* _Directions_
Please retype, word for word, the line containing "a few minutes." and every line after it through the end of the records, leaving out all pictures.

* _Working data_
======

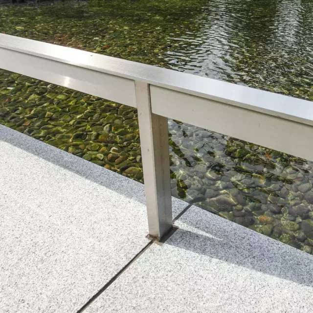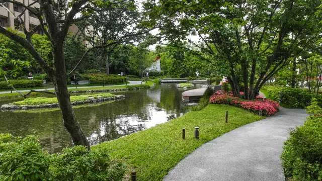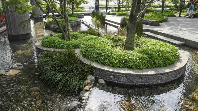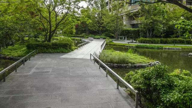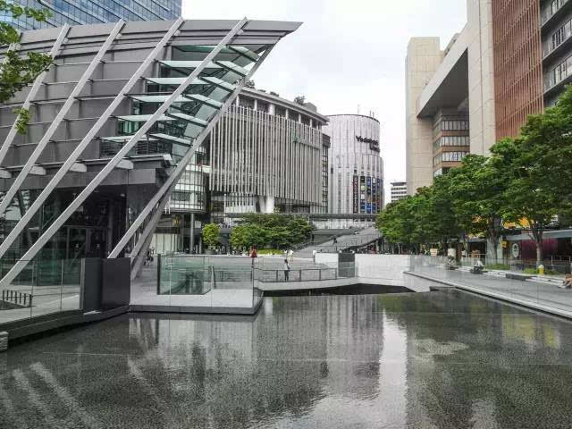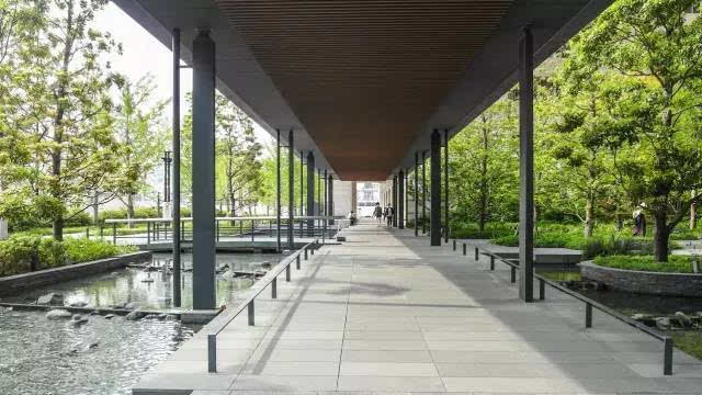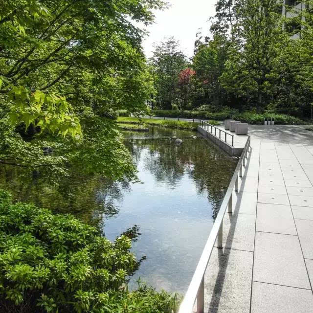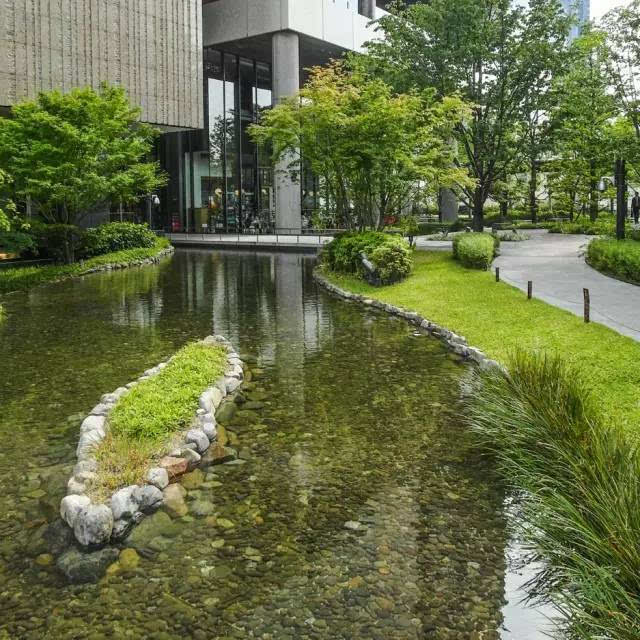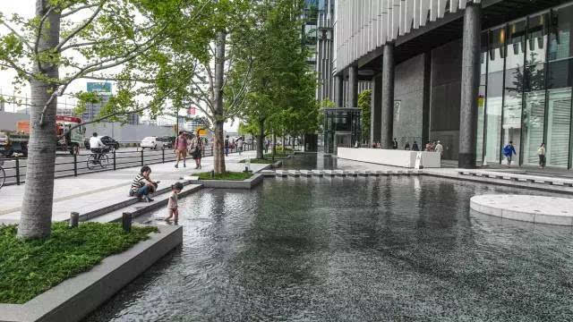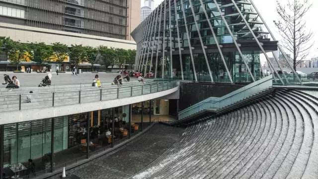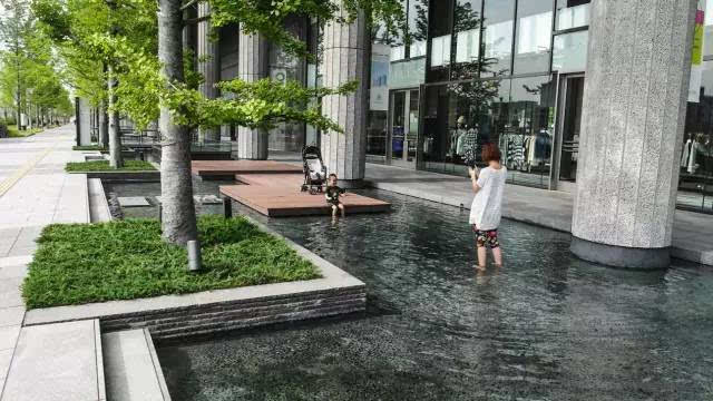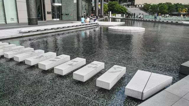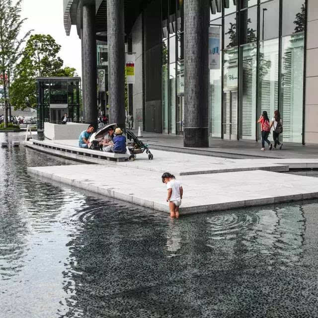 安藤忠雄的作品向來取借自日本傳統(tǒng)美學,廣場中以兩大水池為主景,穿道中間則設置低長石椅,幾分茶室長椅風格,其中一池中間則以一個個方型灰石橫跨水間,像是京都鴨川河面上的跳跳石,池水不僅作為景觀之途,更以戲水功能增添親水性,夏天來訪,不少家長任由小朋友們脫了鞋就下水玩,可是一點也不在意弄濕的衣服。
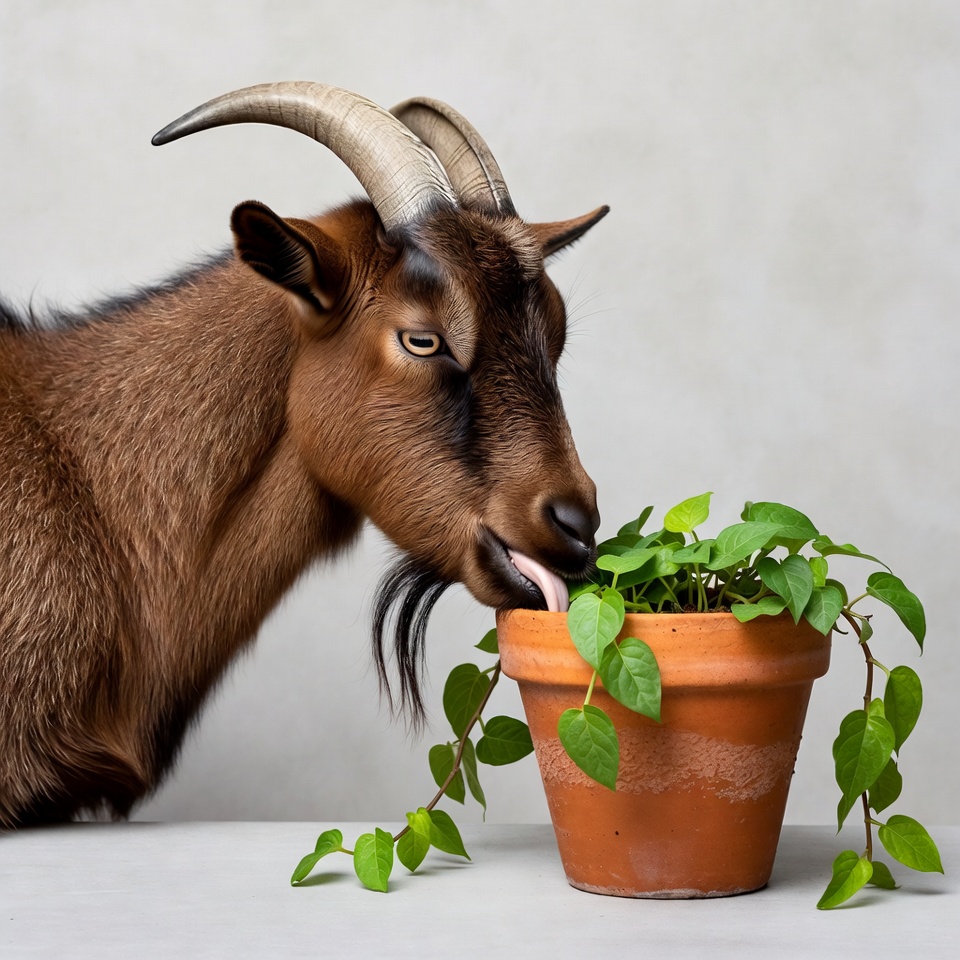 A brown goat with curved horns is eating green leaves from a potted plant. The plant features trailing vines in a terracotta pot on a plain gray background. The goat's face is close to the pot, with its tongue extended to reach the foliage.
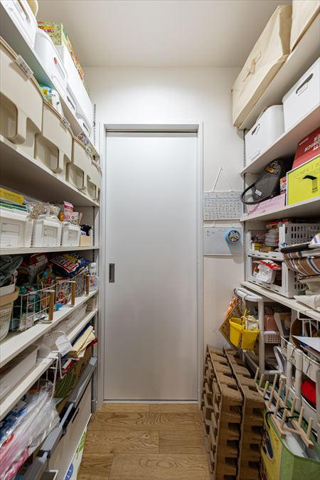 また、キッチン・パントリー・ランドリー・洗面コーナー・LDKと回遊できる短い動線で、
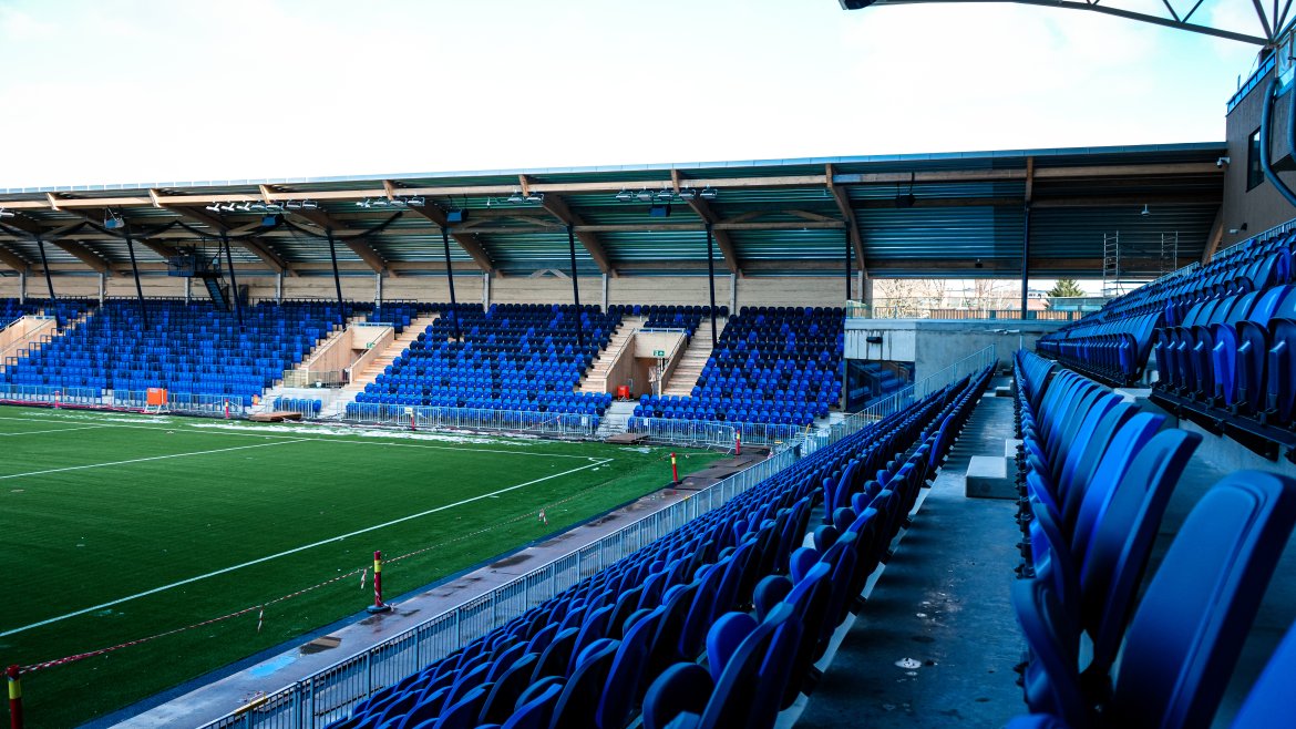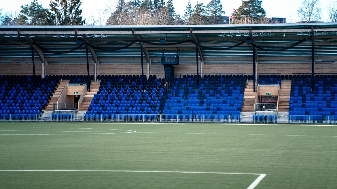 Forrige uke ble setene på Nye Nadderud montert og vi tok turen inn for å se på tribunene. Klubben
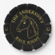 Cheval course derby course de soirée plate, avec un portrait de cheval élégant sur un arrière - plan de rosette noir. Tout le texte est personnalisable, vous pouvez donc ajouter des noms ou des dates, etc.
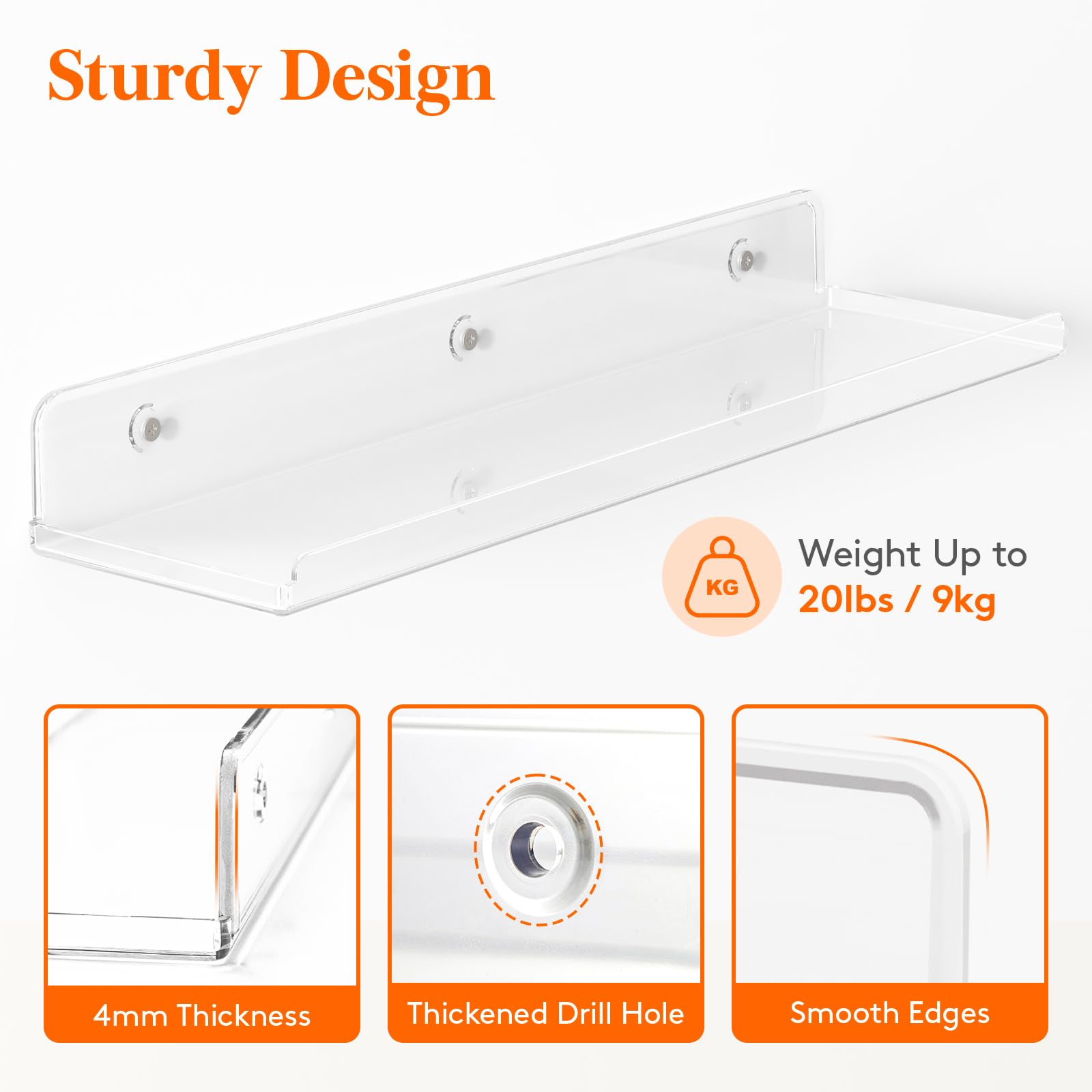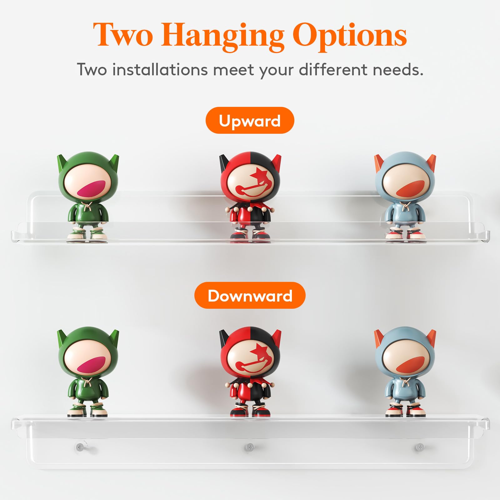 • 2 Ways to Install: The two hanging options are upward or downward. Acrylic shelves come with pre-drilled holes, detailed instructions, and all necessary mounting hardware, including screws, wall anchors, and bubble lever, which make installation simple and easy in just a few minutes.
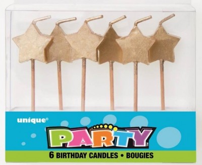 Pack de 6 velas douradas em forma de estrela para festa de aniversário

======

* _Result of the task_
 • 2 Ways to Install: The two hanging options are upward or downward. Acrylic shelves come with pre-drilled holes, detailed instructions, and all necessary mounting hardware, including screws, wall anchors, and bubble lever, which make installation simple and easy in just a few minutes.
 Pack de 6 velas douradas em forma de estrela para festa de aniversário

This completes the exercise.